The APS Type 1 (APECED) Registry collects information from a wide variety of individuals including those with a confirmed diagnosis and those who have a suspected diagnosis. Below is a list of individuals who may participate in the registry. If you have any questions about your eligibility to participate in the registry, please contact us as registry@apstype1.org.
CONFIRMED DIAGNOSIS
Patients of all ages with a confirmed diagnosis of APS Type 1 are eligible for inclusion in the registry. A confirmed diagnosis means that the patients has received either or both of a genetic diagnosis or a clinical diagnosis.

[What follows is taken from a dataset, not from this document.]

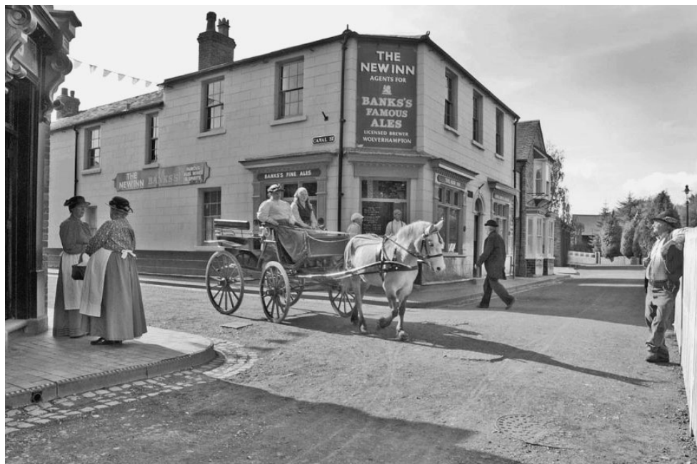
Blists Hill Victorian Town

The Coalport China Works is situated in the original building with the original kiln to fire the china and includes a fascinating collection of Coalport China. Blists Hill is a working Victorian town with a pub, a chip shop and a Victorian pharmacy. You can buy a pint of beer for three old pence and change your 21st century currency

- Genetic Diagnosis: via identification of biallelic AIRE mutations
- Clinical Diagnosis: via presence of 2 of 3 classic manifestations:
- Chronic Mucocutaneous Candidiasis (CMC) (based on recurrent episodes of Candida infections of the mucous membranes, skin, and/or nails)
- Hypoparathyroidism (based on decreased plasma calcium, elevated plasma phosphate, and decreased or absent plasma intact parathyroid hormone)
- Addison’s Disease (adrenal insufficiency) (based on decreased plasma cortisol concentrations upon ACTH stimulation).
SUSPECTED DIAGNOSIS
Patients of all ages with a suspected diagnosis of APS Type 1 are eligible for inclusion in the registry. For purposes of this registry, suspicion of an APS Type 1 diagnosis is on the basis of meeting one or more of the 3 criteria below:
- Clinical diagnosis of Hypoparathyroidism: Patient has a clinical diagnosis of hypoparathyroidism (based on decreased plasma calcium, elevated plasma phosphate, and decreased or absent plasma intact parathyroid hormone) diagnosed at any age.
- Clinical Diagnosis of Particular Disorders Before Age 20: Patient has a clinical diagnosis of any one or more of the following disease-defining characteristics first arising before the age of 20:
- Chronic Mucocutaneous Candidiasis (CMC)
- Addison’s Disease (adrenal insufficiency)
- Enamel Hypoplasia (tooth enamel dystrophy or nail dysplasia)
- Pneumonitis (lung inflammation)
- Autoimmune Hepatitis (liver inflammation)
- Keratoconjunctivitis (eye inflammation)
- Severe Fat Malabsorption
- First-Degree Family Member Has Confirmed APS Type 1 Diagnosis: Patient has a first-degree family member (e.g., parent, child, or sibling) with a confirmed diagnosis of APS Type 1.